VENDA IRREGULAR DE MEDICAMENTOS
Mercado informal de canetas emagrecedoras supera vendas formais no Brasil
Estudo da Scanntech aponta que o canal informal pode ser responsável por mais da metade das doses de GLP-1 em circulação. O uso desses medicamentos cresceu 239% no primeiro trimestre de 2026.
A venda de canetas emagrecedoras em canais informais pode representar mais da metade das doses consumidas no Brasil, superando o mercado formal. Essa constatação emerge de um estudo da Scanntech, que revelou um crescimento de 239% no uso desses medicamentos no primeiro trimestre de 2026 em comparação com o mesmo período do ano anterior.
A análise combina dados de mercado formal e estimativas de consumo informal, baseadas na evolução das vendas de seringas em farmácias. A Scanntech utilizou a evolução das vendas de seringas como um indicador para estimar o consumo de medicamentos injetáveis adquiridos fora dos canais regulamentados.
A pesquisa quantitativa com consumidores indica que apenas 5,2% admitem o uso de medicamentos manipulados. Contudo, ao analisar os dados de mercado e o comportamento de compra, a estimativa sugere que mais de 50% das doses de GLP-1 em circulação no país podem ter origem informal.
"Embora não seja possível mensurar diretamente o mercado informal, podemos buscar relações. Observamos nas farmácias um crescimento das vendas de seringas de insulina muito superior ao que seria esperado apenas pela evolução do consumo de insulina. Esse excedente nos permite estimar que, possivelmente, mais de 50% das doses de GLP-1 em circulação no país, desde o último trimestre de 2025, estejam sendo consumidas fora do mercado formal em farmácias", explica Priscila Ariani, diretora de marketing da Scanntech.

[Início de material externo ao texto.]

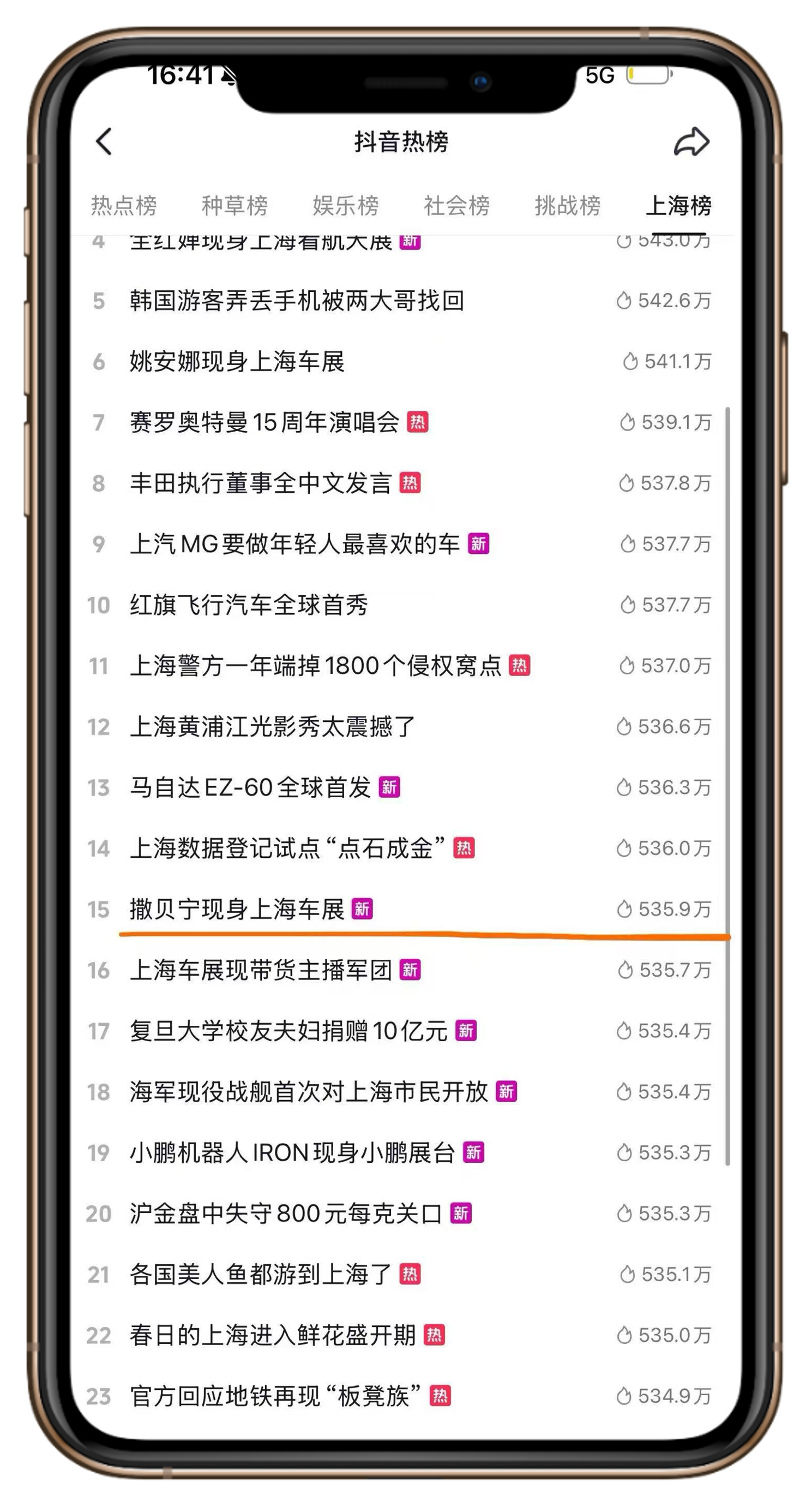 “撒贝宁打卡上海车展”话题成热点,荣登微博文娱榜TOP18、抖音上海热榜TOP15,话题总阅读量超1.2亿;

A motivação para o uso do GLP-1 vai além das indicações médicas. O combate à obesidade lidera as razões declaradas (29,5%), seguido por perda rápida de peso (28,6%), controle do apetite (23,8%) e manutenção de peso (24,1%). Questões de saúde como redução do risco cardiovascular (22,8%) e diabetes tipo 2 (16,7%) aparecem em seguida.
O perfil predominante dos consumidores é de mulheres entre 25 e 34 anos, com renda mensal entre R$ 22 mil e R$ 32 mil. Observa-se que consumidores com mais de 50 anos apresentam o menor índice de consumo.
O impacto do uso dessas substâncias se reflete em diversas categorias de produtos, com crescimento em alimentos frescos (+11,5%), itens de academia e bem-estar (+9,6%), suplementos proteicos (+9,1%), água (+7,9%) e vitaminas (+7,4%). Além disso, 29% dos usuários relataram perda de massa magra, o que pode explicar o aumento na procura por proteínas e suplementos.
A diferença entre as pesquisas reflete metodologias distintas: a pesquisa com consumidores capta respostas declaradas, enquanto o estudo de varejo estima o consumo pelo comportamento de mercado, indicando que parte dos usuários pode não declarar ou desconhecer a origem informal de seu medicamento.